Thu May 23 23:00:40 EEST 2024

Derived from explanations kindly provided by Stefano Sabatini and others:
https://ffmpeg.org/pipermail/ffmpeg-devel/2024-April/325903.html
---
 doc/context.md | 439 +++++++++++++++++++++++++++++++++++++++++++++++++
 1 file changed, 439 insertions(+)
 create mode 100644 doc/context.md

diff --git a/doc/context.md b/doc/context.md
new file mode 100644
index 0000000000..21469a6e58
--- /dev/null
+++ b/doc/context.md
@@ -0,0 +1,439 @@
+ at page Context Introduction to contexts
+
+ at tableofcontents
+
+“Context” is a name for a widely-used programming idiom.
+This document explains the general idiom and some conventions used by FFmpeg.
+
+This document uses object-oriented analogies for readers familiar with
+[object-oriented programming](https://en.wikipedia.org/wiki/Object-oriented_programming).

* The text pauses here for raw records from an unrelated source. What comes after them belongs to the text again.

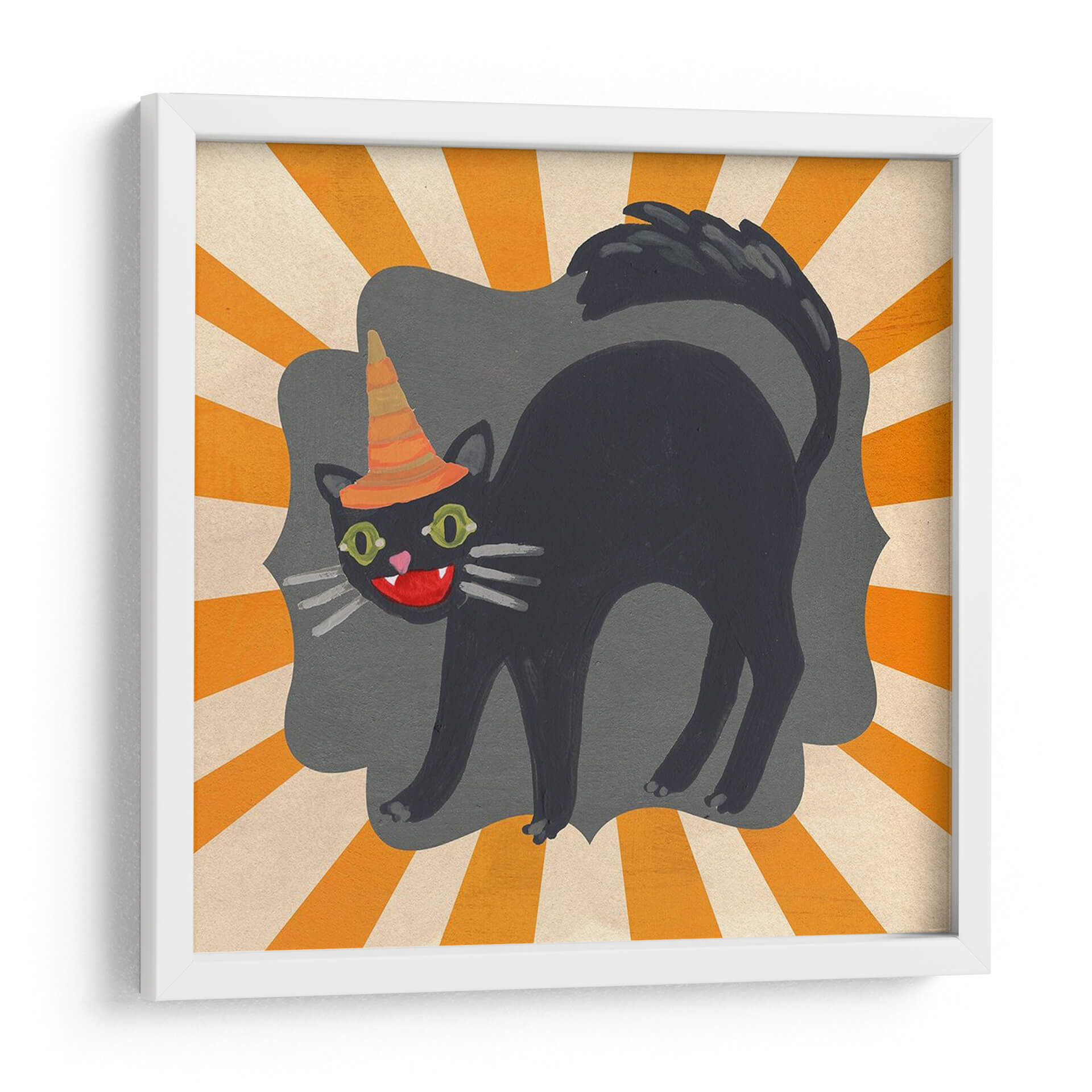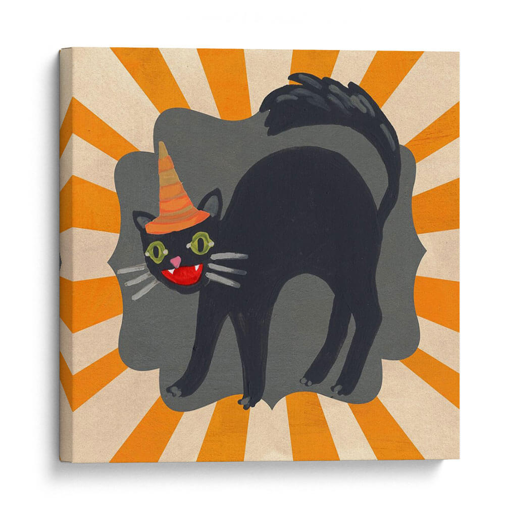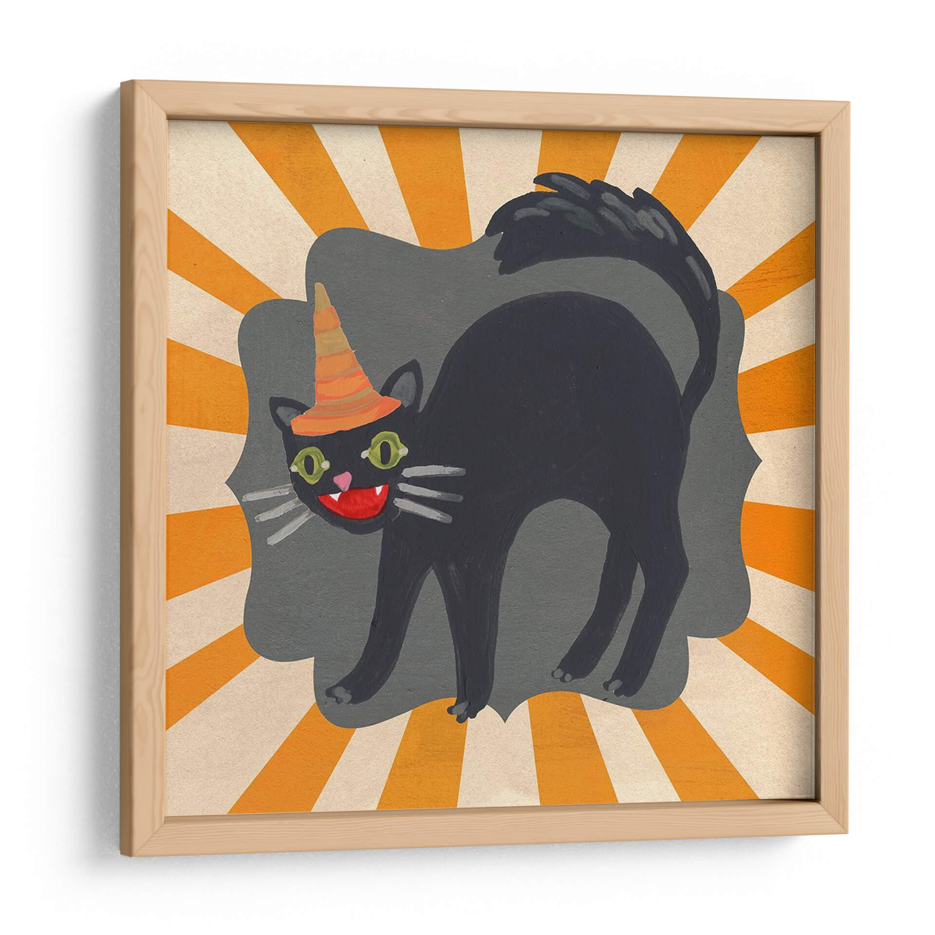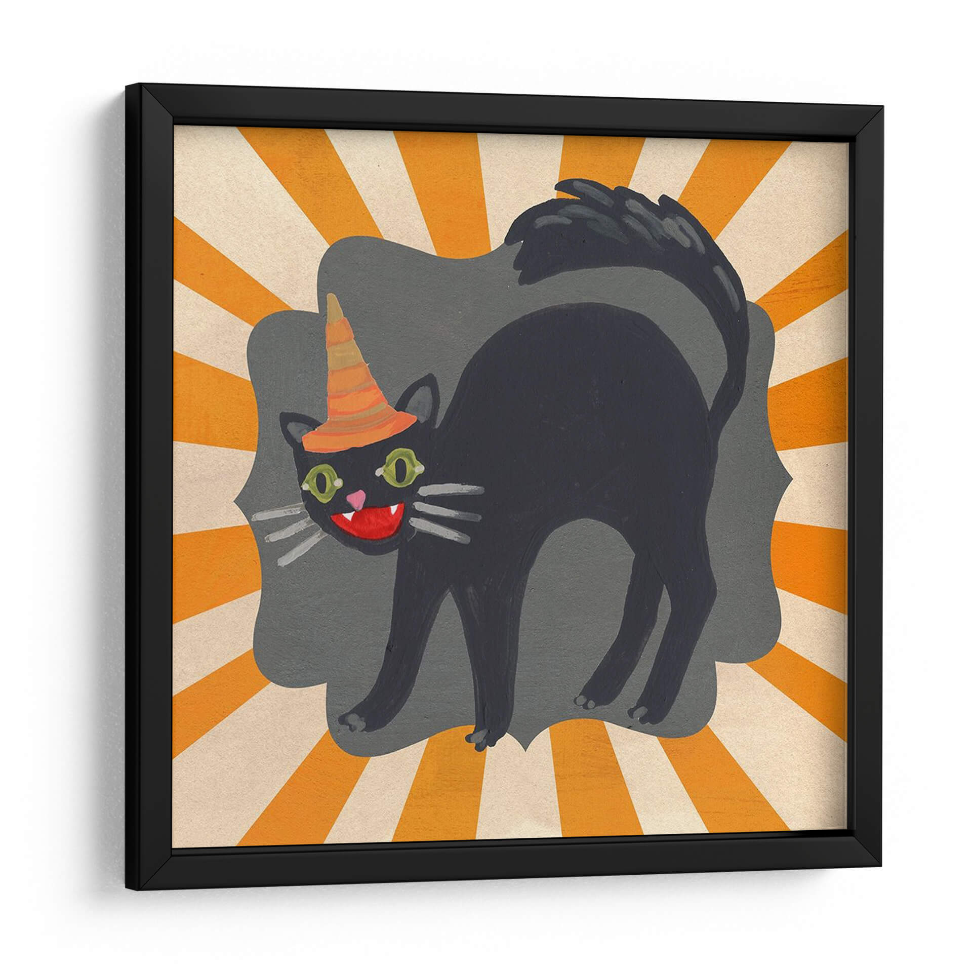 Sumérgete en la atmósfera juguetona y festiva de "Carnaval de Halloween I", una obra de arte vibrante que captura la esencia de la temporada con un toque distintivo. Esta pieza presenta un enigmático gato negro, ataviado con un sombrero de fiesta naranja, posicionado sobre un fondo radiante de rayas naranjas y beige. La mirada intensa del gato, sus colmillos afilados y una expresión traviesa insinúan una celebración llena de misterio y diversión. Los colores cálidos y contrastantes, dominados por el naranja, el negro y toques de verde en los ojos del felino, crean una composición visualmente atractiva que evoca la energía del carnaval y la magia de Halloween. El estilo artístico, con sus trazos audaces y una estética ligeramente retro, le confiere un carácter único, perfecto para añadir un acento divertido y con personalidad a cualquier espacio. Ideal para salas de estar, estudios o incluso para infundir un espíritu festivo en una oficina, este cuadro decorativo es una elección excepcional para quienes buscan una decoración de pared que combine arte, carácter y un guiño a las celebraciones. Añade un toque de encanto y originalidad a tu hogar con esta cautivadora representación del espíritu de Halloween.
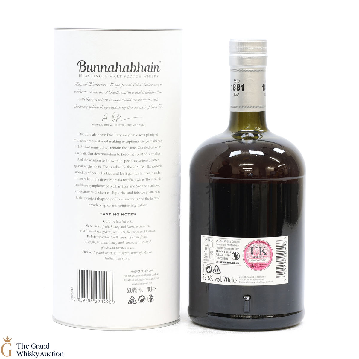For Feis Ile 2021, Bunnahabhain Distillery released this unique bottling. Distilled back on the 8th of October 2001, this single malt was finished in a cask that once held Marsala fortified wine resulting in a combination of Sicilian flair and Scottish tradition. Bottled on the 19th of January 2021, this is one of only 1333 bottles produced.
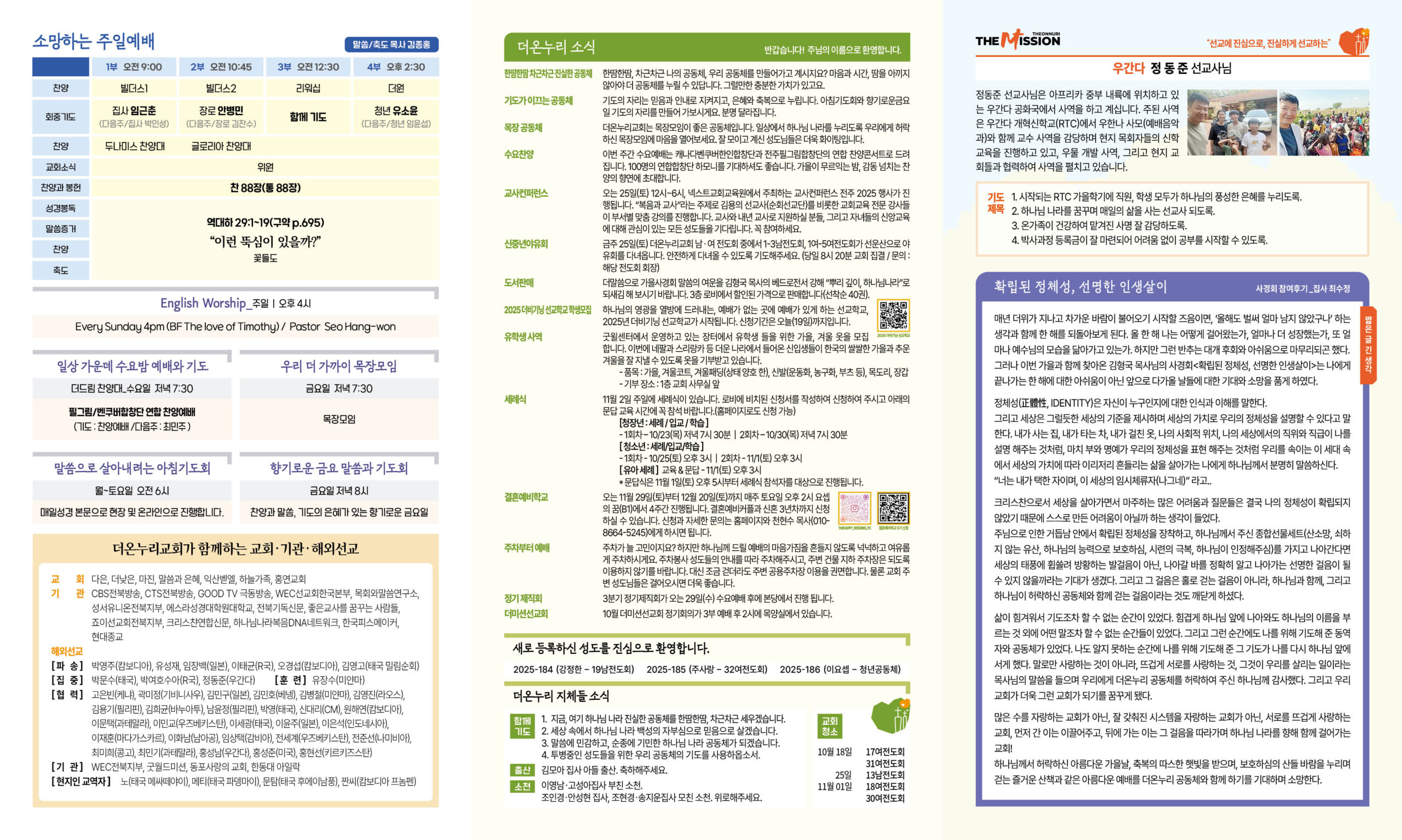 금주 25일(토) 더온누리교회 남.녀 전도회 중에서 1-3남전도회, 1여-5여전도회가 선운산으로 야유회를 다녀옵니다. 안전하게 다녀올 수 있도록 기도해주세요. (당일 8시 20분 교회 집결 / 문의 : 해당 전도회 회장)
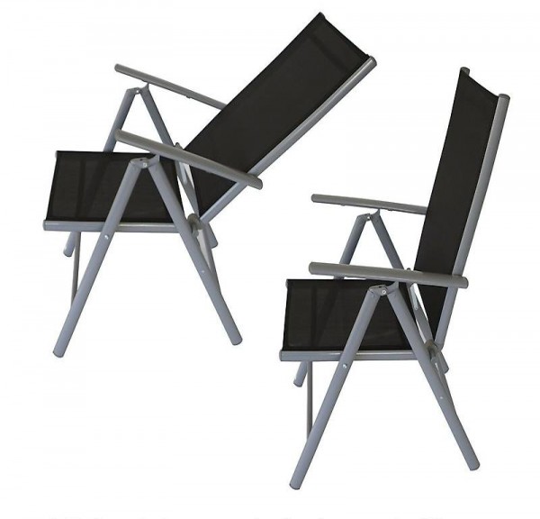 4x Klappsessel RAVENNA 7-fach verstellbar. Aluminium grau + Textilgewebe schwarz.<
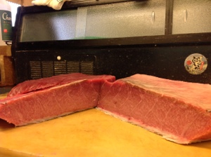 生のインドマグロです。物も悪くなく上々の脂。ニュージーランド産ですがコンディションもいいですね。
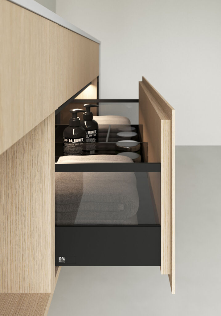 La differenza di altezza tra il frontale dell’anta e il top della base crea un comodo ripiano d’appoggio per cosmetici e oggetti personali.
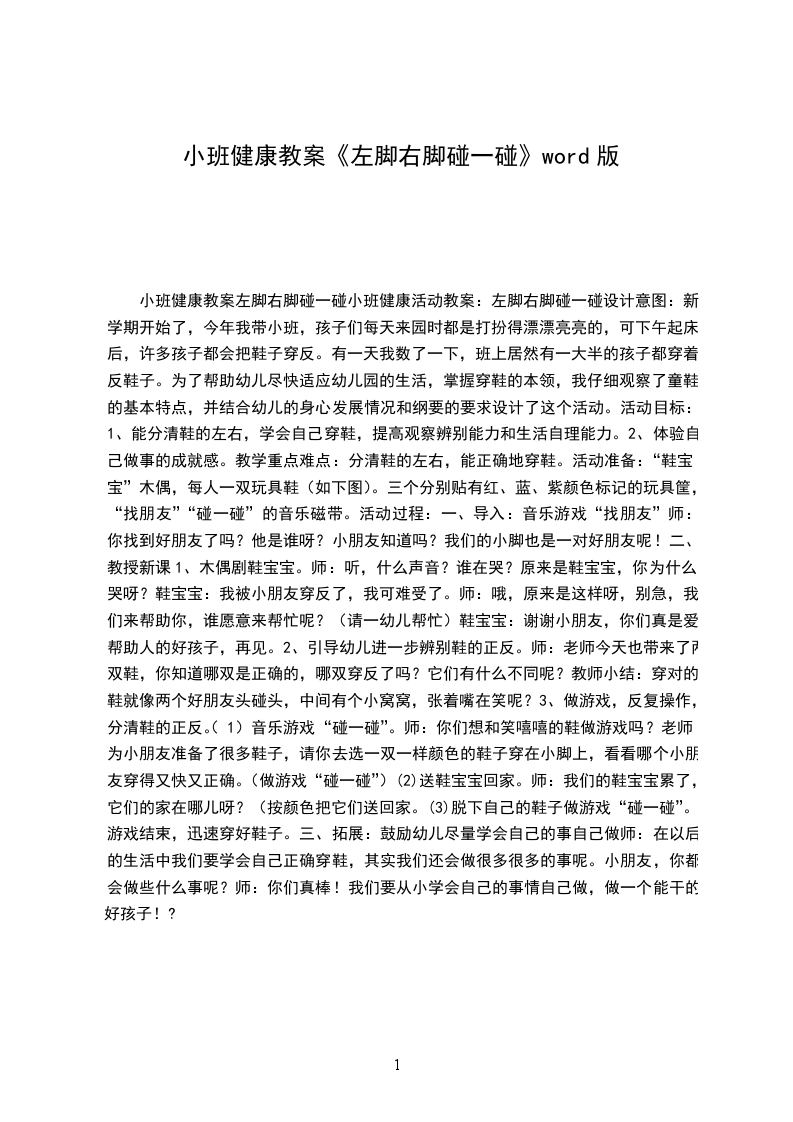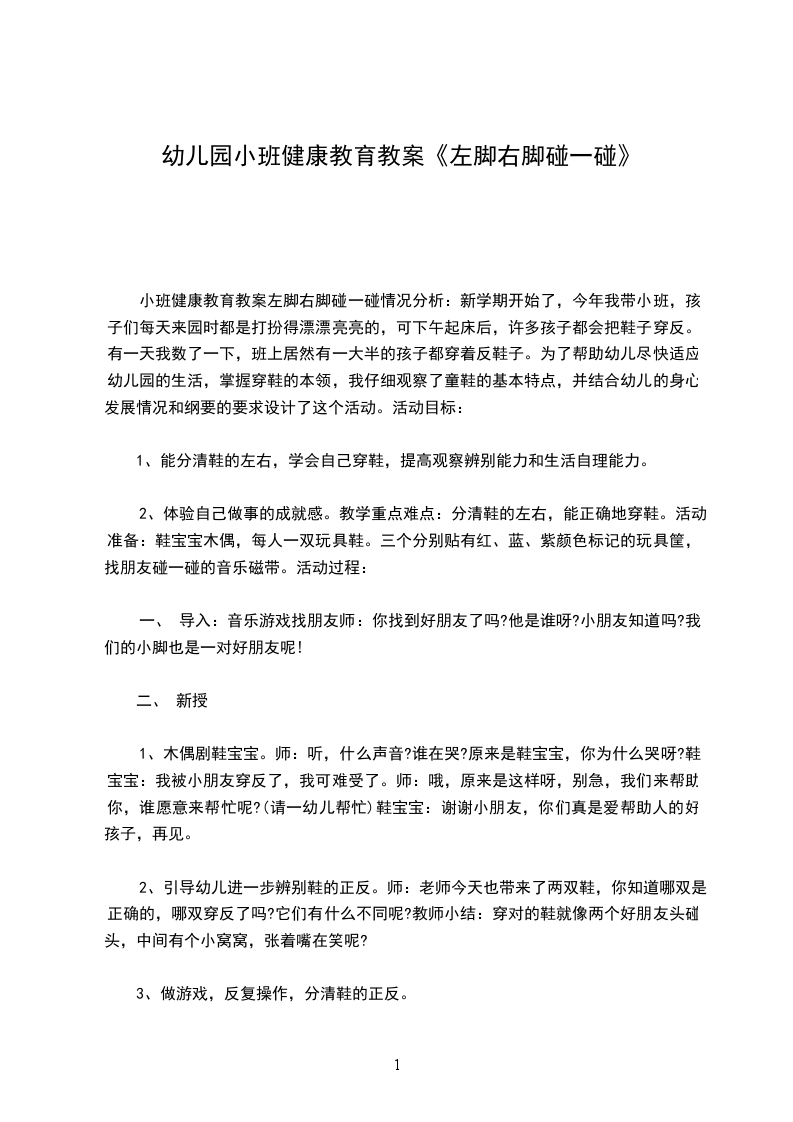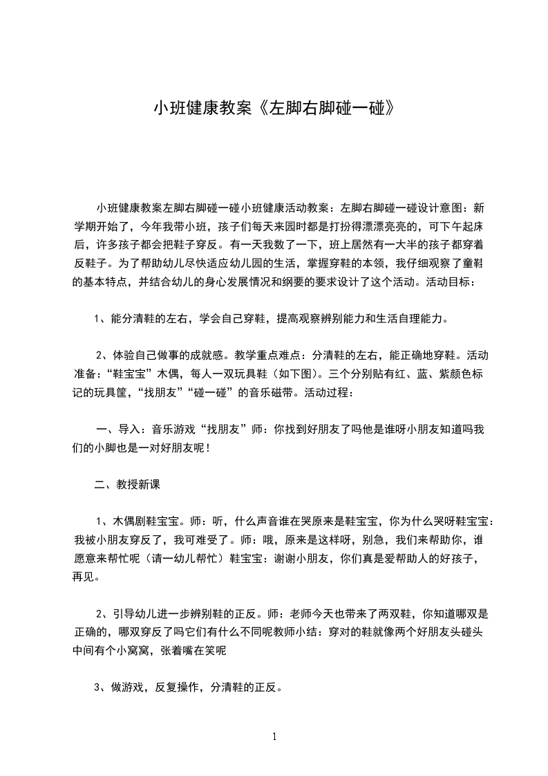 小班健康教育教案左脚右脚碰一碰情况分析:新学期开始了,今年我带小班,孩子们每天来园时都是打扮得漂漂亮亮的,可下午起床后,许多孩子都会把鞋子穿反。有一天我数了一下,班上居然有一大半的孩子都穿着反鞋子。为了帮助幼儿尽快适应幼儿园的生活,掌握穿鞋的本领,我仔细观察了童鞋的基本特点,并结合幼儿的身心发展情况和纲要的要求设计了这个活动。活动目标:

+But contexts can also be used outside of OOP, and even in situations where OOP
+isn't helpful.  So these analogies should only be used as a rough guide.
+
+ at section Context_general “Context” as a general concept
+
+Many projects use some kind of “context” idiom.  You can safely skip this
+section if you have used contexts in another project.  You might also prefer to
+read @ref Context_comparison before continuing with the rest of the document.
+
+ at subsection Context_think “Context” as a way to think about code
+
+A context is any data structure that is passed to several functions
+(or several instances of the same function) that all operate on the same entity.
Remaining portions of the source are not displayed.